NASM, National Academy of Sports Medicine, Personal Trainer, Certification, Recertification

I’ve had multiple people ask if this blog isn’t just another way of trying to justify disordered behavior, as well as if my current way of eating isn’t just as restrictive or disordered as any I’ve tried before.

 

As friends, family, and concerned licensed mental health professionals, they’re not wrong to ask those questions. But I don’t think they need to worry.

 

This morning, I had a thought: I can’t wait to get my cast off so I can get back in shape. 

 

And then I stopped myself and asked myself, what shape are you talking about? Because I realized that I don’t really care about what shape I’m in. I care about being fit and healthy. The terminology I’ve been using is wrong. I want to be able to squat and deadlift or finally do some pull ups again. While fitting into my old jeans is nice, I’m not particularly freaked out about the size of my thighs or if my abs are visible anymore.

 

But it occurred to me, while I was arguing semantics with myself, that even though I know where the line is, won’t I always run the risk of crossing it? Will I ever be able to fully disengage from the voices of ED all around me–including the parts of my own vocabulary that I have yet to change?

 

I really do want, more than anything, to be involved in the health and fitness community. I really do want to be able to go to the gym and train clients–but not because I want to help them reach some aesthetic goal. I want to help people learn how to love their bodies and make them stronger. I want to help people understand nutrition from a scientific, individualized perspective–so that they can make choices that keep them alive and disease-free for as long as possible.

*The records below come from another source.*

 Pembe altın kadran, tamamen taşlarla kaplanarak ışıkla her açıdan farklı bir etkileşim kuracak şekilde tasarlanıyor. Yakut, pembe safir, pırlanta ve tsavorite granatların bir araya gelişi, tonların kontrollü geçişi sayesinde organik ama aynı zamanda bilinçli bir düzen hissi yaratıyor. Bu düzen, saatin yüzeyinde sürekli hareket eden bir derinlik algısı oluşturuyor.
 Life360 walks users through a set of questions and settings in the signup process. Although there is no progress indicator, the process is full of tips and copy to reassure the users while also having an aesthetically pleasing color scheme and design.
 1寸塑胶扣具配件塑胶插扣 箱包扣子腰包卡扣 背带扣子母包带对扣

And while I think that fitness models are beautiful, I know that the way they live isn’t sustainable for real people. And I’m a real person.

 

I know that I’m very new to this journey toward self-love and acceptance, and I know that ED and I have only been separated for a relatively short time. But that doesn’t mean that I’m not willing to go back to how I was. That doesn’t mean that I’m not willing to put in the work and learn a new vocabulary.

 

That doesn’t mean that I’m going to go back to “trying to get in shape.”

 

Library Book, Cast, Ankle Injury

The only chronic overexercise I’m doing these days is for my mind…

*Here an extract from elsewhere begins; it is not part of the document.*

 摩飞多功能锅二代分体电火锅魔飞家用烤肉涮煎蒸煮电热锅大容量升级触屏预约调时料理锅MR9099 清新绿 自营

I think that I can make a difference as a fitness professional because, even though I may be surrounded by people who live in their own personal disorders, surrounded by broscience and eating clean and low-fat high-protein supplement-and-protein-shake nonsense, I think I’m becoming fluent in the true meaning of fitness and health.

 

It’s going to be hard, yes, but that doesn’t mean that I can’t do it. Especially because I have this forum here, and all of you out there who will keep me honest.

 

It’s a challenge, but I think I’m up to it. My outlook, my mindset…they’re already starting to get in shape. And I think that’s pretty damn beautiful.

 

- K.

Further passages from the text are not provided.